Non basterà più, quindi, dimostrare di aver implementato tutte le misure minime e qualche misure idonea di sicurezza, ma, in ossequio al principio di accountability, si dovrà garantire e dimostrare anche di aver applicato al trattamento i principi di “protezione dei dati fin dalla progettazione” e di “protezione per impostazione predefinita” (c.d. Privacy by design e Privacy by default) ossia la necessità di configurare il trattamento prevedendo fin dall’inizio le garanzie indispensabili “al fine di soddisfare i requisiti” del regolamento e tutelare i diritti degli interessati, tenendo conto del contesto complessivo ove il trattamento si colloca e dei rischi per i diritti e le libertà degli interessati.
Tutto questo deve avvenire a monte, prima, cioè, di procedere al trattamento dei dati vero e proprio e richiede, pertanto, un’analisi preventiva e un impegno applicativo che dovranno portare a una serie di attività specifiche e dimostrabili, adottando anche misure organizzative quali, ad esempio, la sensibilizzazione e la formazione del personale che partecipa ai trattamenti. In aggiunta a questi obblighi i Titolari e i Responsabili dovranno analizzare, attraverso un apposito processo di valutazione (il c.d. Data Protection Impact Assessment – DPIA), il rischio di impatti negativi sulle libertà e i diritti degli interessati dei trattamenti posti in essere. Queste valutazioni andranno eseguite tenendo in considerazione i rischi noti o evidenziabili, le misure tecniche e organizzative che si ritiene di dover adottare per mitigare tali rischi.

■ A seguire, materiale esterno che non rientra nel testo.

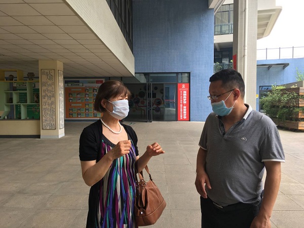 牟佳与督学强调学校在新冠肺炎疫情常态化防控工作中要一手抓教育教学,一手抓疫情防控,在组织保障、人员管控、重点区域、环境卫生,希望学校继续做好安全防疫工作,并对工作中存在的不足之处提出改进建议,确保校园师生在特殊时期的安全。

Purtroppo, però, alcuni studi dimostrano che ad oggi solamente il 22% delle aziende europee comprende l’impatto della nuova normativa e un numero ancora inferiore ha già attivato piani per raggiungere la conformità. Alla luce di queste considerazioni, quindi no, non penso che il GDPR eviterà nuove infezioni planetarie. Penso però, che una rinnovata attenzione alle tematiche di sicurezza dei dati, una responsabilizzazione dei Titolari, una giusta e continua formazione delle persone possano favorire una cultura di protezione distribuita che renda, quanto meno più complicata, la diffusione di questi fenomeni.